$\left\{ 1 + \left( \frac { d y } { d x } \right) ^ { 2 } \right\} ^ { \frac { 3 } { 2 } } = \frac { d ^ { 2 } y } { d x ^ { 2 } }$
what is the degree and order for above equation
well according to my knowledge the order be should $2$
and degree should be $\frac { 3 } { 2 }$
is my answer right or wrong ?
On
From what I can remember, the order of an ODE is the order of the highest-order derivative, and the degree is the power of the highest-order derivative.
So in your example, the order should be 2 and the degree should be 2/3; since if we raise the whole equation to the power 2/3 to get rid of the 3/2 power, the power of the 2nd-order derivative (highest-order) would be 2/3.
Hope this helps, let me know if I missed anything!
$$\left\{ 1 + \left( \frac { d y } { d x } \right) ^ { 2 } \right\} ^ { \frac { 3 } { 2 } } = \frac { d ^ { 2 } y } { d x ^ { 2 } } \tag 1$$ The highest order derivative is $\frac { d ^ { 2 } y } { d x ^ { 2 } }$ . So the order of the ODE is two.

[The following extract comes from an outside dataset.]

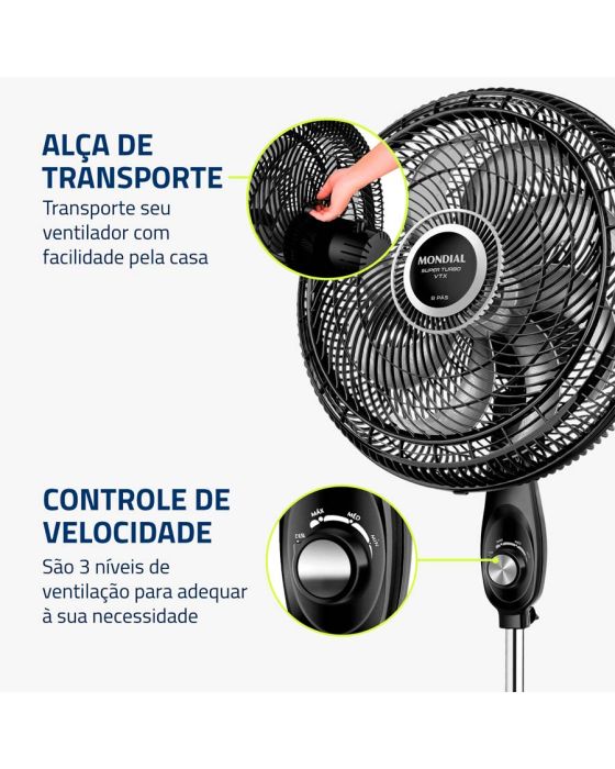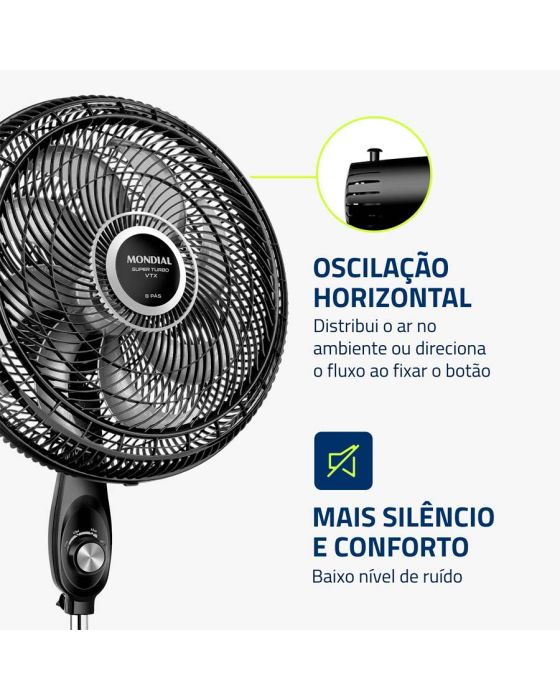 Características:O ventilador Super Turbo VTX-40C-8P possui 40 cm de diâmetro e hélice de 8 pás, o que promove uma circulação de ar mais eficiente e garante mais frescor ao ambiente. Com coluna ajustável entre 1,19 e 1,50 metros, o ventilador permite ajuste da altura do vento. Além disso, o sistema de ventilação alia a potência para refrescar ao baixo nível de ruído, proporcionando o silêncio necessário para uma excelente noite de sono.Detalhes:- Marca: Mondial;- Modelo: Super Turbo;- Referência: VTX-40C-8P;- Linha: Ventiladores;- Cor: Preto/Prata;- Tensão: 127V;- Tipo de instalação: Coluna;- Uso: Somente uso interno;- Contém: 1 unidade do produto;- Número de velocidades: 3 velocidades (mínimo, média e máxima);- Quantidade de pás: 8 pás;- Hélice com diâmetro de 40cm;- Grade frontal removível;- Inclinação vertical regulável;- Mais silêncio e conforto;- Sistema Oscilante.Diferenciais:- Super Turbo: Muito Mais Vento!: O 1° ventilador de 8 pás do Brasil! O design aerodinâmico e de alta performance do VTX Super Turbo proporciona maior intensidade do vento e melhor distribuição de ar. O resultado é um ambiente mais fresco e arejado!- Coluna Ajustável: Possui regulagem de 1,19 a 1,50 metros, permitindo o ajuste ideal da altura do vento;- Mais Silêncio e conforto: O sistema de ventilação alia a potência para refrescar ao baixo nível de ruído, proporcionando o silêncio necessário para momentos de concentração e uma excelente noite de sono;- Maior Distribuição de Ar: O Sistema Oscilante Contínuo amplia o raio de alcance do vento no ambiente, permitindo uma distribuição de ar mais eficiente nos cômodos da casa;- Inclinação Vertical Regulável: Para um direcionamento ideal do fluxo do ar;- Controle de Velocidade: As 3 opções de velocidade permitem adequar o vento à sua necessidade: Máxima Turbo, Média Conforto e Mínima Silencioso;- Facilidade na Limpeza: A grade frontal removível oferece mais facilidade na limpeza das hélices, o que simplifica a lavagem e a remoção de poeira, e garante melhor qualidade do ar;- Alça de Transporte + Porta-Fio: Além do design compacto, a alça traseira permite que o ventilador seja transportado entre os cômodos da casa com facilidade. Com o porta-fio embutido, você armazena o fio elétrico dentro do aparelho após o uso.Energia:- Tensão: 127V;- Potência: 140W.Medidas:- Dimensões do produto montado: 50 x 47,5 x 150cm (CxLxA);- Dimensões da embalagem: 48,9 x 27,9 x 50,7cm (CxLxA);- Peso: 5,7kg.Conteúdo da embalagem: 1 ventilador de Coluna Super Turbo VTX-40C-8P Mondial e 1 manual de instruções.Garantia do fornecedor: 1 ano contra defeitos de fabricação.* As especificações podem ser alteradas sem aviso prévio ** Imagem meramente ilustrativa.

In the definition of the degree, the key point is that the differential equation must be a polynomial equation in derivatives. The given differential equation is not a polynomial equation in its derivatives (because of the fractional power, 3/2, to which the term on the left hand side is raised) and so, strictly speaking, its degree is not defined.
However, in a less strict sense, the degree considered is the degree of the highest order derivative which is one. So the degree of Eq.$1$ is one, without forgetting that the definition of degree is not strictly respected.
If we take the liberty to transform the ODE so that all exponents be integers, $$\left( 1 + \left( \frac { d y } { d x } \right) ^ { 2 } \right) ^ 3 = \left(\frac { d ^ { 2 } y } { d x ^ { 2 } }\right)^2 \tag 2$$ the differential equation becomes a polynomial equation in its derivatives and the degree can be defined. Commonly, the degree considered is the degree of the highest order derivative. So, the degree of Eq.$2$ is two. (Without forgetting that Eq.$2$ is not strictly equivalent to Eq.$1$ ).